The Brisbane couple originally took out their mortgage with the Commonwealth Bank because it offered a competitive rate and allowed them to use a family guarantor to take the first steps on the property ladder, buying a three bedroom home in Annerley, Queensland.
“You don’t have to put up with the antics of banks or continue to dance with the devil,” Mr Billsborough said. “We saved around $500 initially but were still saving around $250 at the end compared to our initial Commonwealth Bank arrangement.”
Pre-empting the Reserve Bank’s moves on Melbourne Cup Day, when they lifted the official cash rate 0.25 per cent to 4.75 per cent, the couple decided a few weeks ago that it was time to have a free Home Loan Health Check with Aussie and Tom Mewing.
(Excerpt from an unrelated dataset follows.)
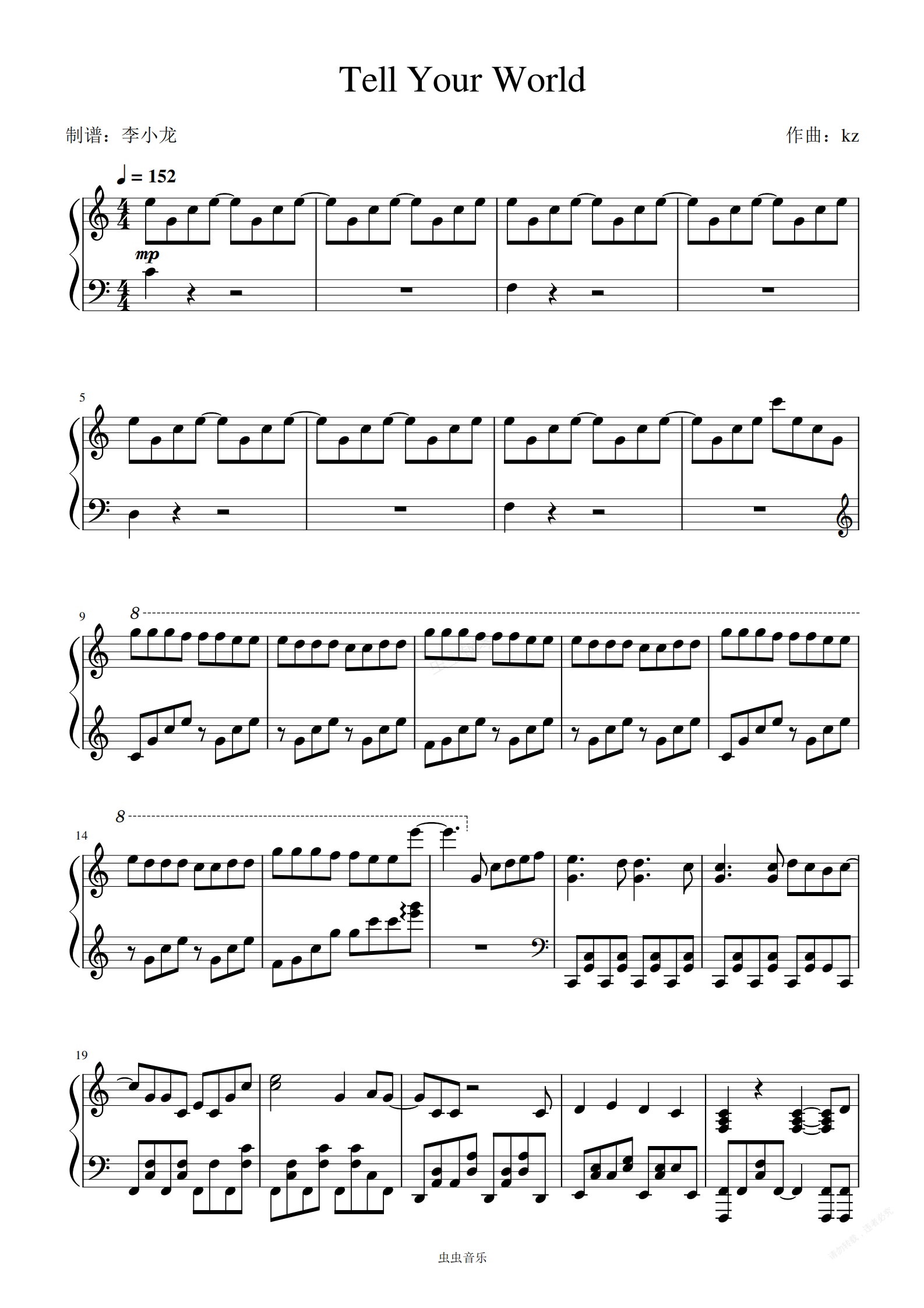 钢琴谱:《Tell Your World》C调-初音未来(Hatsune Miku)

“I managed to find them a great deal with Bankwest, saving them $385 a month on repayments and $280 a month on their consolidated debts, which equals a combined $665 a month savings,” Mr Mewing said.
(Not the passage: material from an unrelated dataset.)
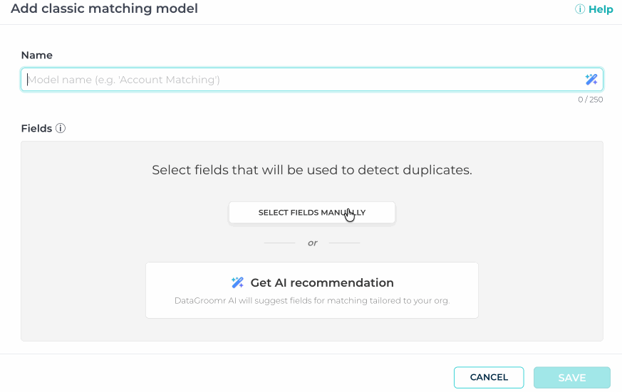 Selecting either model option will open a dialog that includes the following elements, giving you the option to manually select fields or let AI infer most suitable fields for your object based on the best practices and the statistics of the data population.

“You have to vote with your feet if you’re not happy because it does work,” Mr Billsborough said.
Mr Mewing said he has had a great deal of interest from new and old clients following the RBA move, and the CBA inflicting almost double the pain with its decision to lift 0.45 per cent.
“We’ve been extremely busy in the week since the rate rise, there is a lot of anger out there,” he said.
“Regardless, it’s always prudent to keep an eye on your financial needs to ensure your getting the most of out of your mortgage.”